Hello,
I am playing with very simple dense layer implementation using torch.addmm
and it seems that torch.jit.trace
transforms addmm
op to sequence of mm
and add
ops, leading to performance drop on CPU:
import torch
from torch.autograd import profiler
torch.set_num_threads(1)
def dense_layer(input, w, b):
return torch.addmm(input=b, mat1=input, mat2=w)
if __name__ == '__main__':
torch.random.manual_seed(1234)
a = torch.randn(100000, 10)
b = torch.randn(10, 10)
c = torch.randn(10)
with profiler.profile() as prof:
for i in range(1000):
dense_layer(a, b, c)
print(prof.key_averages().table(sort_by='cpu_time_total', row_limit=5))
traced = torch.jit.trace(dense_layer, (a, b, c))
with profiler.profile() as prof2:
for i in range(1000):
traced(a, b, c)
print(prof2.key_averages().table(sort_by='cpu_time_total', row_limit=5))

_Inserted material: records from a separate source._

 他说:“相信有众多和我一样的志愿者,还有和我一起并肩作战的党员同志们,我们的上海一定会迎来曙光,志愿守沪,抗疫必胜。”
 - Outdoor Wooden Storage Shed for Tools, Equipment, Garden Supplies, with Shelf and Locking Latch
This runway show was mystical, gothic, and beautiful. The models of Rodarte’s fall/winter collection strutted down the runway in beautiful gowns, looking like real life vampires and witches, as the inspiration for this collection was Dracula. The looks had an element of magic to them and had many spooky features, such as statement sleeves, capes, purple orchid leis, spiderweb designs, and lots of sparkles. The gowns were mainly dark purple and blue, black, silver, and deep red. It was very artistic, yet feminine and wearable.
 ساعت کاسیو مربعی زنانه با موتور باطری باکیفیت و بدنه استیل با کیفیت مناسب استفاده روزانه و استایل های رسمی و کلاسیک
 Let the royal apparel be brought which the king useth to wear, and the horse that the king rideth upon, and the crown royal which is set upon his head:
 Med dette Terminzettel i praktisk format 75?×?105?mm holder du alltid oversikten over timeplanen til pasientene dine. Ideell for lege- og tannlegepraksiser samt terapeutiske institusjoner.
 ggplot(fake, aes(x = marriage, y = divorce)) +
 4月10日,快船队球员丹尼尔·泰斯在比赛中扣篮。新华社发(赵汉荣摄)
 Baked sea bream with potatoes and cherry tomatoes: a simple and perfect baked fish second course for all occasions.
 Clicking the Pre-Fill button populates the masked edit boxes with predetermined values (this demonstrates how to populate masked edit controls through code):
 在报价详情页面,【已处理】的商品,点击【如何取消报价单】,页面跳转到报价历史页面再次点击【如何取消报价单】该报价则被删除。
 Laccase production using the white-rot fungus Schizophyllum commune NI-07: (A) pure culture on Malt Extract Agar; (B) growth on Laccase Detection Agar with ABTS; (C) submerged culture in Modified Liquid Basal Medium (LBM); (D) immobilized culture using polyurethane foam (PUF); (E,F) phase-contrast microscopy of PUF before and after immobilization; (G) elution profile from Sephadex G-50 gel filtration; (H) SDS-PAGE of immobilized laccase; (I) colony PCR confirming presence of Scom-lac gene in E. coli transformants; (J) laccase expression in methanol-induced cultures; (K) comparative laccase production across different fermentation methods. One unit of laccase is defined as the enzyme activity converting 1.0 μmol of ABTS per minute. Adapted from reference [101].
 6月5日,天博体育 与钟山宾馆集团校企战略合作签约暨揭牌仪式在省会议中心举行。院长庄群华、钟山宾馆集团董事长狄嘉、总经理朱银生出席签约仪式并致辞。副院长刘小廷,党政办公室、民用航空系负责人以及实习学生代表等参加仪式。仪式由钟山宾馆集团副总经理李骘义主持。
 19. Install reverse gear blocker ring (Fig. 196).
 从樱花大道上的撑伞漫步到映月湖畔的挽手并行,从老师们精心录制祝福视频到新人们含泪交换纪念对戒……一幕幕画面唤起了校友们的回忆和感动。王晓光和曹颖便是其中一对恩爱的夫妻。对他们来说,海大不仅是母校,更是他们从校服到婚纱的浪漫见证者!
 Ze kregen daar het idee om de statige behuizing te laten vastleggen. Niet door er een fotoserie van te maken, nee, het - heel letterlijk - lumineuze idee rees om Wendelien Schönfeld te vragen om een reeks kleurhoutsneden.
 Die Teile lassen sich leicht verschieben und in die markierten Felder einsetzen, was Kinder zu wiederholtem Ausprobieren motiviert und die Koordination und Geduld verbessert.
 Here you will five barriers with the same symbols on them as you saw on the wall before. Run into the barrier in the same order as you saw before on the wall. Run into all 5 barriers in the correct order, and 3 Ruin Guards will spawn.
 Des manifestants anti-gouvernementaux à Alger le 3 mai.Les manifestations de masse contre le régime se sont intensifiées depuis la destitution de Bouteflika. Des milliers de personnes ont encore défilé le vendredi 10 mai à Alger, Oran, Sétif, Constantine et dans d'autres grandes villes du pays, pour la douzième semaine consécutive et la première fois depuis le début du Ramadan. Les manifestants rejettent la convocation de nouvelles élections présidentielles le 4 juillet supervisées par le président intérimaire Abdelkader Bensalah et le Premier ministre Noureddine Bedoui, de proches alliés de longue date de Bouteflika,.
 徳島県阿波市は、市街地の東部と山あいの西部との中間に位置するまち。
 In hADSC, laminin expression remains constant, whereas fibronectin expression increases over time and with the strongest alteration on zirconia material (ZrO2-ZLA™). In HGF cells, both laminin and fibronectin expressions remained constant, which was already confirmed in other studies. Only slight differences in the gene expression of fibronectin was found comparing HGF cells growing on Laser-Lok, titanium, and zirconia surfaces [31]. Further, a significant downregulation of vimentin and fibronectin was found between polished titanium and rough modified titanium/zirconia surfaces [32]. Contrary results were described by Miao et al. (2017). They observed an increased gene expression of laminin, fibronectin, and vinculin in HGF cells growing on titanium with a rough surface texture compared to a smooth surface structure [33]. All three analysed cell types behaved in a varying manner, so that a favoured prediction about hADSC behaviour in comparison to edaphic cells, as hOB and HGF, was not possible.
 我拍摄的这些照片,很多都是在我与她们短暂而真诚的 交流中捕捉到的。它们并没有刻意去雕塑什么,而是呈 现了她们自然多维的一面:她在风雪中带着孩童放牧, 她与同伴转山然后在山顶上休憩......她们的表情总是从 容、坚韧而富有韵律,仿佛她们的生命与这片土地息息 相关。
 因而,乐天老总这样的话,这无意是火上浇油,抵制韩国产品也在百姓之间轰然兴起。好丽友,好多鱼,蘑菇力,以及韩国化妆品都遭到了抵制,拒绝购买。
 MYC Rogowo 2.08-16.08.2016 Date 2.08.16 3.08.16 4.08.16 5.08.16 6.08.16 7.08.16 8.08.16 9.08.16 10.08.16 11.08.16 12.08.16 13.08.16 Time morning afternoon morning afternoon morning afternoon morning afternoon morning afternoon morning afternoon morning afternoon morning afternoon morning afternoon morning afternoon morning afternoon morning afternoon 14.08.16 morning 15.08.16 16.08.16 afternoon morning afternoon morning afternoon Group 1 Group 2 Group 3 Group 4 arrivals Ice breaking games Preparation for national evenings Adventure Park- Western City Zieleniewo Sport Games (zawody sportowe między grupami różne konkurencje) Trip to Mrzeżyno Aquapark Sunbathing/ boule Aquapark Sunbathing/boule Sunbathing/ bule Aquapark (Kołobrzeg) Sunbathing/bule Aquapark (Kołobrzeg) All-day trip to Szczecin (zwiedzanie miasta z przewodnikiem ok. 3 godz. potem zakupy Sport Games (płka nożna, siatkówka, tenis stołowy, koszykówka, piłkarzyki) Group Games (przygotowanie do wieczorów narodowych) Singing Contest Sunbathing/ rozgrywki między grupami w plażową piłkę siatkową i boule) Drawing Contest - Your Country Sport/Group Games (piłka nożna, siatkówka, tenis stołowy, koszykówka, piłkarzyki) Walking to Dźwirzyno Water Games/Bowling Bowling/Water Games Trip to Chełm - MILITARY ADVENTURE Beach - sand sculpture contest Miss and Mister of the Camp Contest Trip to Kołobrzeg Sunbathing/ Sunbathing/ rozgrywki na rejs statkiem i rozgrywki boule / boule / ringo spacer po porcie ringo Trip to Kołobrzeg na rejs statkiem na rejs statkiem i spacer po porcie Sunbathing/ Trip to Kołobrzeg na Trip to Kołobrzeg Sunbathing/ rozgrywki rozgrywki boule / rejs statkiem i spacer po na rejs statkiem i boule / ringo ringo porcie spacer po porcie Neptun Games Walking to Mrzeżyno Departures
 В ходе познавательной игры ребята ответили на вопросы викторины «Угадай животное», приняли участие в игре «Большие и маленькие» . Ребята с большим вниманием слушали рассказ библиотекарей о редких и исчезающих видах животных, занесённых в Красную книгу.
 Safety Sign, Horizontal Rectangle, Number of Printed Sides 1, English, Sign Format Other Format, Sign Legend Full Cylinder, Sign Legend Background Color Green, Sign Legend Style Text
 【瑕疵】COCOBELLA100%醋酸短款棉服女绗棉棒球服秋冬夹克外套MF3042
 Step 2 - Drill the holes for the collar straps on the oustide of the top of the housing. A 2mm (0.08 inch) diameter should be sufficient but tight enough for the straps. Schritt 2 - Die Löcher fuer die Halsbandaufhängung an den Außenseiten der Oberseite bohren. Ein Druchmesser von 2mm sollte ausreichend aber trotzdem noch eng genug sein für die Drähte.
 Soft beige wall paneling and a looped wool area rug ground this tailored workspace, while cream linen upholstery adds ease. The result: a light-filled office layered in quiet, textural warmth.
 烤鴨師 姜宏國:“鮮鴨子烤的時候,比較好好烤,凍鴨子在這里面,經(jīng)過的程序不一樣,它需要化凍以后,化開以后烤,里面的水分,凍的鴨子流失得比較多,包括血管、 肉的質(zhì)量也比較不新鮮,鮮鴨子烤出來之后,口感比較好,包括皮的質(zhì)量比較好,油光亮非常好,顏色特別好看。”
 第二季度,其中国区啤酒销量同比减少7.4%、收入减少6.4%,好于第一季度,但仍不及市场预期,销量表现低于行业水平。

And the output of this script on EC2 Windows with Intel Xeon E5-2686 v4 @ 2.30GHz
:
-------------- --------------- --------------- --------------- --------------- --------------- ---------------
Name Self CPU total % Self CPU total CPU total % CPU total CPU time avg Number of Calls
-------------- --------------- --------------- --------------- --------------- --------------- ---------------
addmm 99.89% 5.603s 100.00% 5.609s 5.609ms 1000
expand 0.05% 2.927ms 0.09% 4.772ms 4.772us 1000
as_strided 0.03% 1.845ms 0.03% 1.845ms 1.845us 1000
-------------- --------------- --------------- --------------- --------------- --------------- ---------------
Self CPU time total: 5.609s
----------- --------------- --------------- --------------- --------------- --------------- ---------------
Name Self CPU total % Self CPU total CPU total % CPU total CPU time avg Number of Calls
----------- --------------- --------------- --------------- --------------- --------------- ---------------
add 65.54% 5.190s 65.81% 5.212s 5.212ms 1000
mm 33.91% 2.685s 34.19% 2.708s 2.708ms 1000
empty 0.29% 23.118ms 0.29% 23.118ms 11.559us 2000
----------- --------------- --------------- --------------- --------------- --------------- ---------------
Self CPU time total: 7.919s
Same script run on Fedora 32 with Intel Core i7-8700K CPU @ 3.70GHz
:
-------------- --------------- --------------- --------------- --------------- --------------- ---------------
Name Self CPU total % Self CPU total CPU total % CPU total CPU time avg Number of Calls
-------------- --------------- --------------- --------------- --------------- --------------- ---------------
addmm 99.87% 1.863s 100.00% 1.866s 1.866ms 1000
expand 0.06% 1.164ms 0.10% 1.895ms 1.895us 1000
as_strided 0.04% 731.363us 0.04% 731.363us 0.731us 1000
-------------- --------------- --------------- --------------- --------------- --------------- ---------------
Self CPU time total: 1.866s
----------- --------------- --------------- --------------- --------------- --------------- ---------------
Name Self CPU total % Self CPU total CPU total % CPU total CPU time avg Number of Calls
----------- --------------- --------------- --------------- --------------- --------------- ---------------
add 73.35% 1.430s 73.40% 1.431s 1.431ms 1000
mm 26.50% 516.765ms 26.60% 518.530ms 518.530us 1000
empty 0.09% 1.726ms 0.09% 1.726ms 0.863us 2000
----------- --------------- --------------- --------------- --------------- --------------- ---------------
Self CPU time total: 1.950s
On Fedora machine difference is less pronounced, but still takes place. What’s the reason of this transformation? Because at least for CPU both mm
and addmm
call same gemm
so it seems more reasonable to expand vector to cover whole matrix and call gemm afterwards. Is it because of focus on GPU? Is there any way to produce CPU-effective trace for such case?